* DATA PROVIDED *
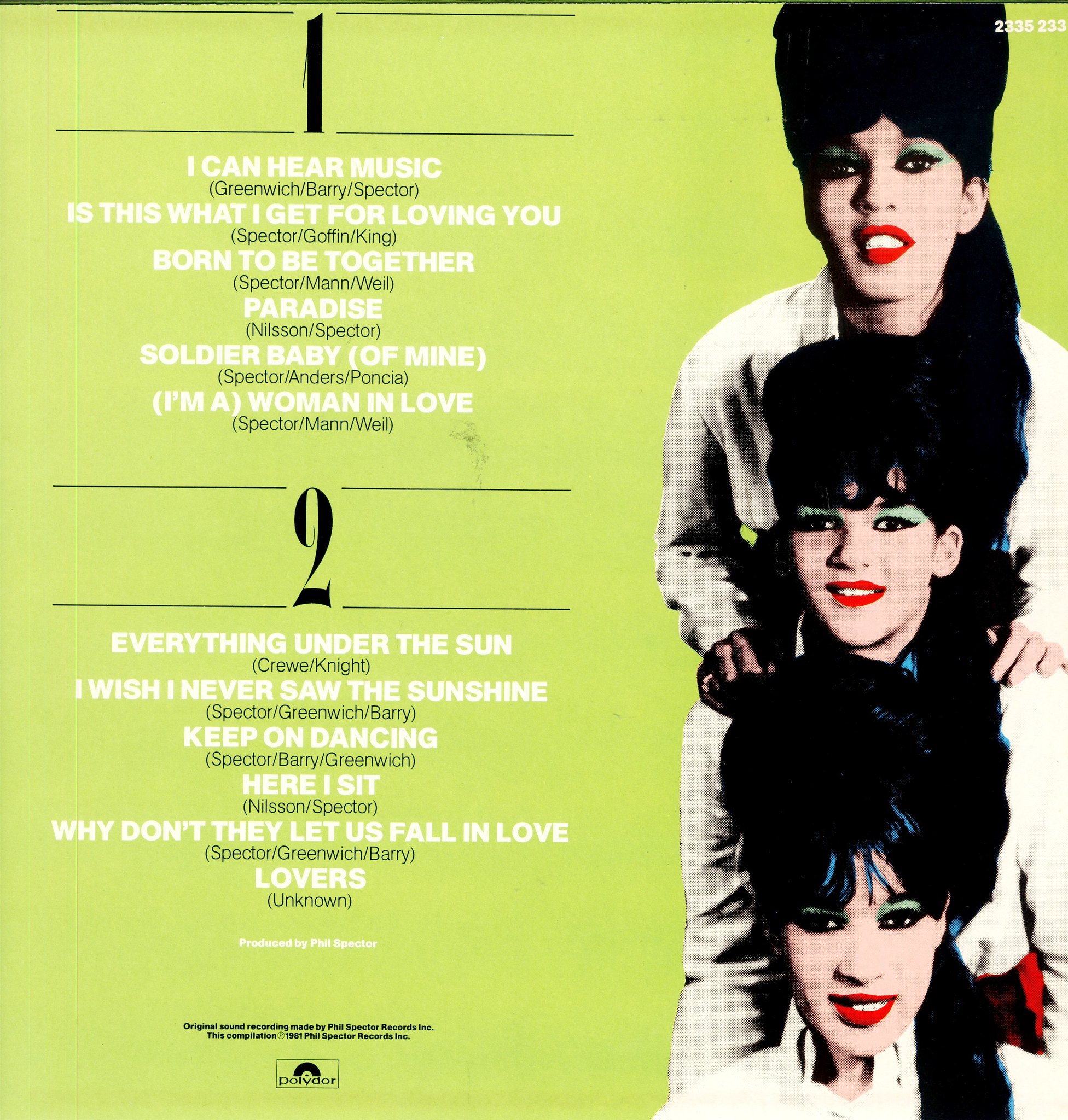 This best-of album by the Ronettes was released in 1981 as part of the 9 LP vinyl “Wall Of Sound” box set, and also sold separately. The art on the front cover is a re-colored version of the photography by Three Lions Studio that was used for the band’s first studio album from 1964, with rearranged elements.
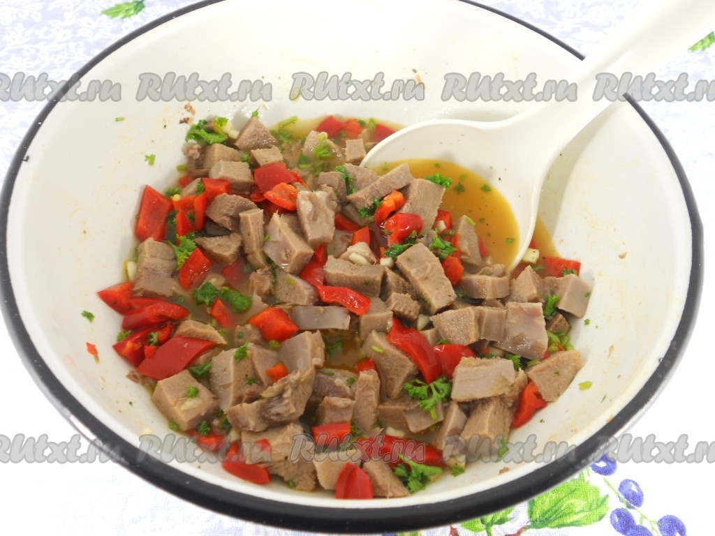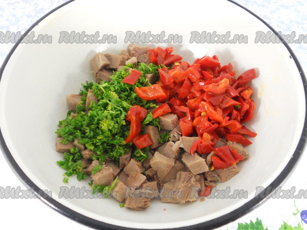 Готовые свиные языки сразу залить на несколько минут холодной водой и очистить. Дать полностью остыть и порезать небольшими кубиками. Добавить измельченную петрушку и порезанный маленькими кусочками вяленый сладкий перец без масла (или вяленые помидоры).
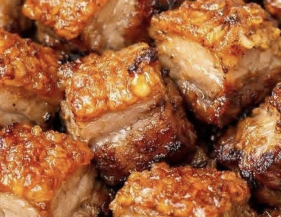 Pat the pork belly cubes very dry with paper towels. This is what helps the skin turn into crisp crackling instead of staying chewy.

* WHAT YOU SHOULD DO *
Give the data again exactly as written, with no pictures included.

* RESULT OF THIS EXERCISE *
 This best-of album by the Ronettes was released in 1981 as part of the 9 LP vinyl “Wall Of Sound” box set, and also sold separately. The art on the front cover is a re-colored version of the photography by Three Lions Studio that was used for the band’s first studio album from 1964, with rearranged elements.
 Готовые свиные языки сразу залить на несколько минут холодной водой и очистить. Дать полностью остыть и порезать небольшими кубиками. Добавить измельченную петрушку и порезанный маленькими кусочками вяленый сладкий перец без масла (или вяленые помидоры).
 Pat the pork belly cubes very dry with paper towels. This is what helps the skin turn into crisp crackling instead of staying chewy.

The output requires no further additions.